Fatal exception 0(IllegalInstructionCause):
epc1=0x40201020, epc2=0x00000000, epc3=0x00000000, excvaddr=0x00000000, depc=0x00000000
Then the ESP reboots, but the Wifi connection cannot be established.
scandone
no <ssid> found, reconnect after 1s
wifi evt: 1
STA disconnect: 201
reconnect
Can you try with your handler specifically declared in IRAM:
IRAM_ATTR void handler ()
{
counter++;
}
The & is superfluous and is also in the way preventing for the lambda to be of the right type to be placed in IRAM by the linker.

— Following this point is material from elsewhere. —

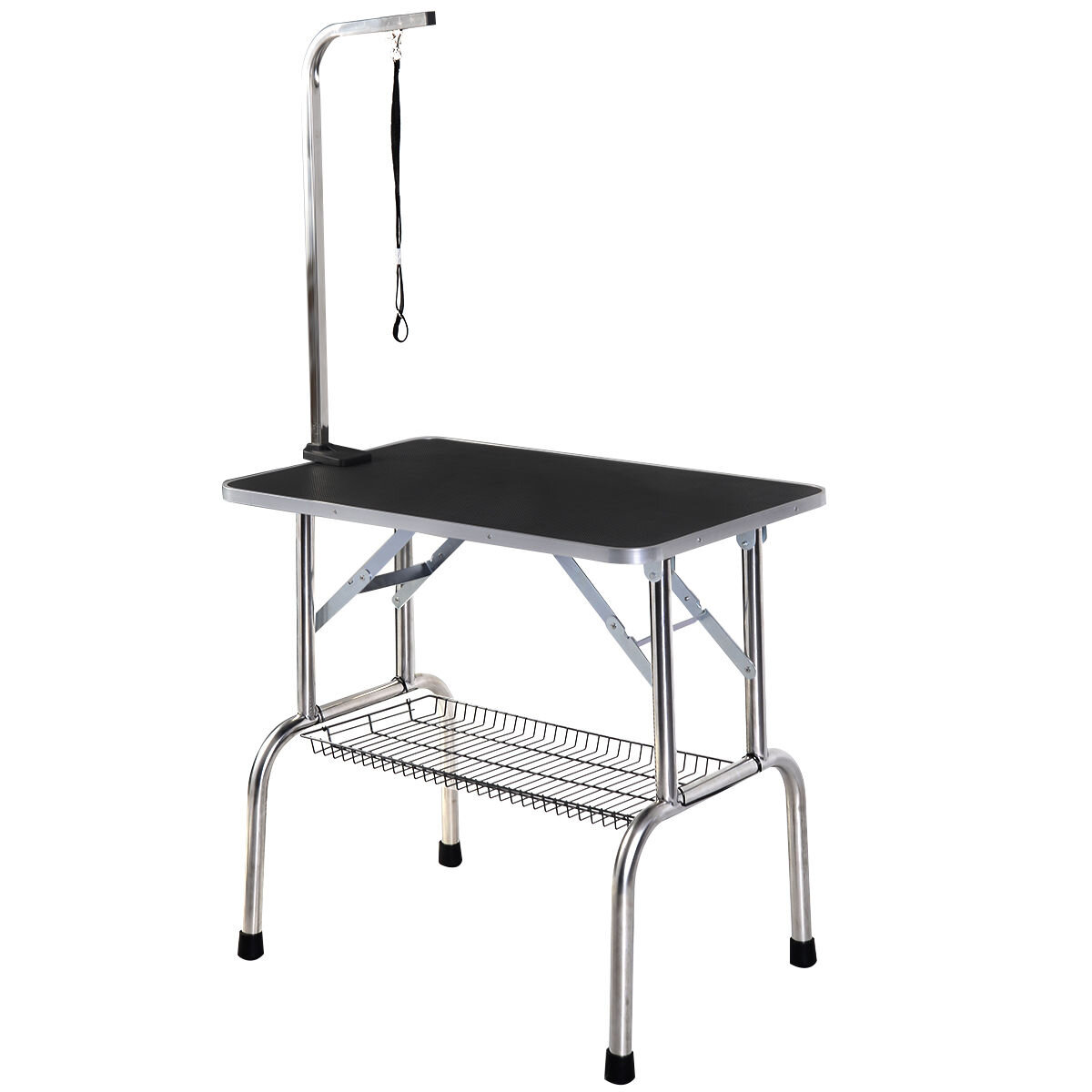 1.Грумерский стол с кронштейном. Размер столешницы следует подбирать в зависимости от того, с какими животными, а главное, с животными какого размера Вы работаете. Так же необходимо отталкиваться от площади рабочего помещения. Оптимальным для работы столом я считаю рабочую поверхность размером 90 на 60 см, оптимально для работы с мелкими и средними породами собак, а так же с кошками. Для крупных собак больше подходит стол около 120 на 70 см. Но если грумер работает на выезде, столы такого размера будут неудобны для транспортировки. Обычно на выезд подходят больше столы размером 60 на 45 см, со складывающимися ножками. Не малую роль играет и высота стола. Подбирать высоту рабочей поверхности следует, отталкиваясь от своего роста. Когда Вы стоите возле стола с опущенными вниз руками, столешница должна находится примерно посередине кисти опущенной вдоль тела руки. Кому-то комфортной будет высота 75 см, а кому-то все 95...Мы все разные. Можно, конечно, работать за любым первым попавшимся

But without the & there's an ambiguity that we seemingly should solve, with [](){counter++;} instead I get:
intr/intr.ino:13:49: error: call of overloaded 'attachInterrupt(int, setup()::<lambda()>, int)' is ambiguous
cores/esp8266/Arduino.h:186:6: note: candidate: 'void attachInterrupt(uint8_t, void (*)(), int)'
cores/esp8266/FunctionalInterrupt.h:31:6: note: candidate: 'void attachInterrupt(uint8_t, std::function<void()>, int)'
@d-a-v Not pitching my PR - OK, just a little bit - but I remembered that I had done work on FunctionalInterrupt etc and I've verified that #6047 fixed the ambiguity error you found. If you consider it, I would be grateful for a careful review that I haven't cluelessly introduced any out-of-IRAM issues.
I could not reproduce the issue with the native handler. However, in my application where the problem comes from, I tried getting rid of the FunctionalInterrupt, but the problem still persists. I'm still trying to come up with a minimal reproduction, but it looks like the problem is not with FunctionalInterrupt, it just gets the problem manifest.

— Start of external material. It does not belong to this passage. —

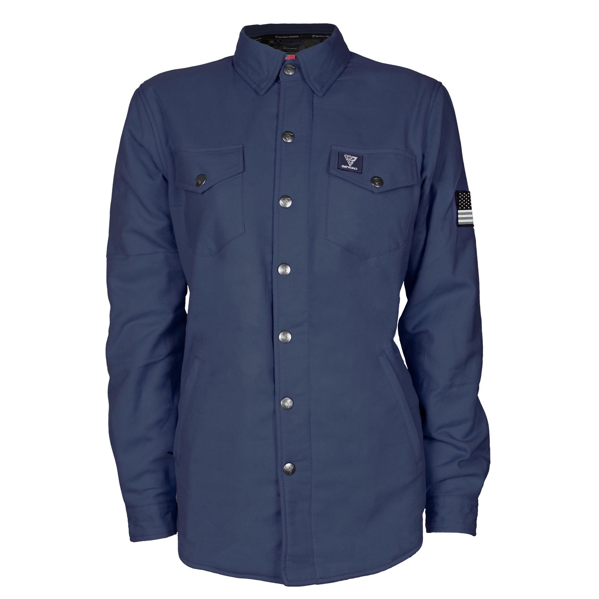 Discover the elegance of the Women's Protective Flannel Shirt in Navy Blue Solid with Level 1 pads included, presented by Beyond Riders — a perfect combination of chic design and superior rider protection. This premium shirt is crafted for the fashion-forward rider, striking an impeccable balance between classic navy blue charm and the necessity of high-level safety for motorcycle and PEV enthusiasts.

@petersohn Not saying it's related to your crash, but you should call pinMode(2, INPUT);
Oscillator at high(er) frequency - are you perhaps triggering more interrupts than the MCU can handle without important internal functions beginning to fail?
Yes, I missed the pinMode() call, but putting it in doesn't help.
I could reproduce the issue without FunctionalInterrupt, by using a simple function call.
void interruptHandlerImpl() {
++counter;
}
IRAM_ATTR void interruptHandler() {
interruptHandlerImpl();
}
@petersohn Every bit of code that may run inside the interrupt service routine must be in IRAM.
If that's true, it makes the bug in FunctionalInterrupt obvious, which is weird at the very least, because FunctionalInterrupt has been part of the core for a long time, which makes it strange nobody has ever noticed that it should not work.
@petersohn
If that's true
It is a well documented fact.
What about the question that your interrupt frequency is just to high to handle?
It is a well documented fact.
Then why is FunctionalInterrupt there? It should never have been able to work.
What about the question that your interrupt frequency is just to high to handle?
In the real application, the problem comes up regardless of interrupt frequency. It just takes more time to reproduce. I used the frequency I did because it can reproduce the problem relatively fast.